As mentioned earlier, our previous studies (Rubinsky, Perez & Carlson, 2005) suggest that isochoric freezing has the potential to reduce the damage due to freezing in food products, relative to isobaric freezing. The goal of this study is to assess the damages induced by freezing a food product (a potato) in an isochoric system in comparison to the freezing damages in an isobaric system. We have chosen to study isochoric freezing in a potato because we have extensive experience with its mechanisms of damage (Ivorra, Mir & Rubinsky, 2009; Golberg, Rabinowitch & Rubinsky, 2010; Hjouj & Rubinsky, 2010). This study is preliminary and the focus is on freezing-damage in a narrow range of parameters. Our primary goal is a first order exploration of the concept. Obviously, much more work remains to be done to evaluate the effect of isochoric freezing on various food products and to explore the value of isochoric preservation to the food industry.

Materials and Methods

Isochoric system

Isochoric freezing systems are simple.
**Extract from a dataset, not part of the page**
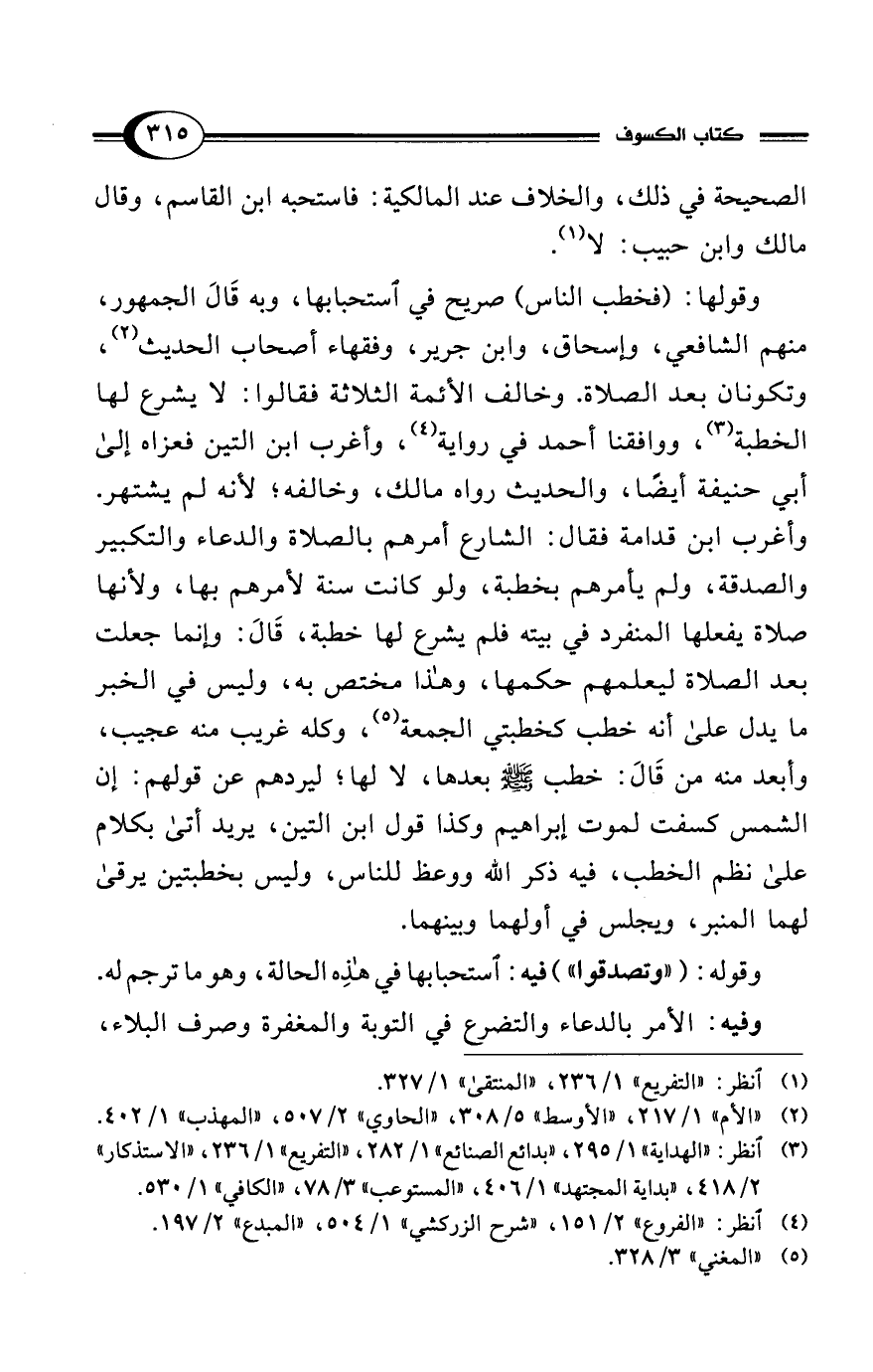 وأغرب ابن قدامة فقال: الشارع أمرهم بالصلاة والدعاء والتكبير والصدقة، ولم يأمرهم بخطبة، ولو كانت سنة لأمرهم بها، ولأنها صلاة يفعلها المنفرد في بيته فلم يشرع لها خطبة، قَالَ: وإنما جعلت بعد الصلاة ليعلمهم حكمها، وهذا مختص به، وليس في الخبر ما يدل على أنه خطب كخطبتى الجمعة (¬5)، وكله غريب منه عجيب، وأبعد منه من قَالَ: خطب - صلى الله عليه وسلم - بعدها، لا لها؛ ليردهم عن قولهم: إن الشمس كسفت لموت إبراهيم وكذا قول ابن التين، يريد أتى بكلام على نظم الخطب، فيه ذكر الله ووعظ للناس، وليس بخطبتين يرقى لهما المنبر، ويجلس في أولهما وبينهما.

They require only a constant volume chamber, capable of withstanding the pressures that develop in the system, with minimal deformation. For control, they require a pressure transducer. A photograph of the system is shown in Fig. 2A. The isochoric chamber is based on a modified stainless steel OC-1 pressure vessel (O-ring 316 SS, inner cylindrical volume of 125 ml, 1″ inner diameter, working pressure 13,800 psi, test pressure 20,000 psi) custom designed by High Pressure Equipment Company (Erie, PA, USA). We used a standard O-ring made of BUNA-N, for sealing. The constant volume chamber is sealed with a screw and metal seal and is connected to an Ashcroft 4–20 mA loop-powered 20,000 psi pressure gauge, connected through a NI myDAQ Connector (National Instruments, Austin, TX, USA) to a laptop. The data is recorded and displayed with LabVIEW. For safety, a rupture disk limited the pressure to 60 MPa (about 8,700 psi). The isochoric chamber was immersed in a water–ethylene glycol bath (50/50) cooled by means of a NesLab RT-140 cooling system (Thermo Scientific, Waltham, MA, USA).

(A) Schematic of an isochoric system; ice nucleation site is the place where we placed a small metal whose role is to initiate ice formation.

Figure 2: (A) Schematic of an isochoric system; ice nucleation site is the place where we placed a small metal whose role is to initiate ice formation.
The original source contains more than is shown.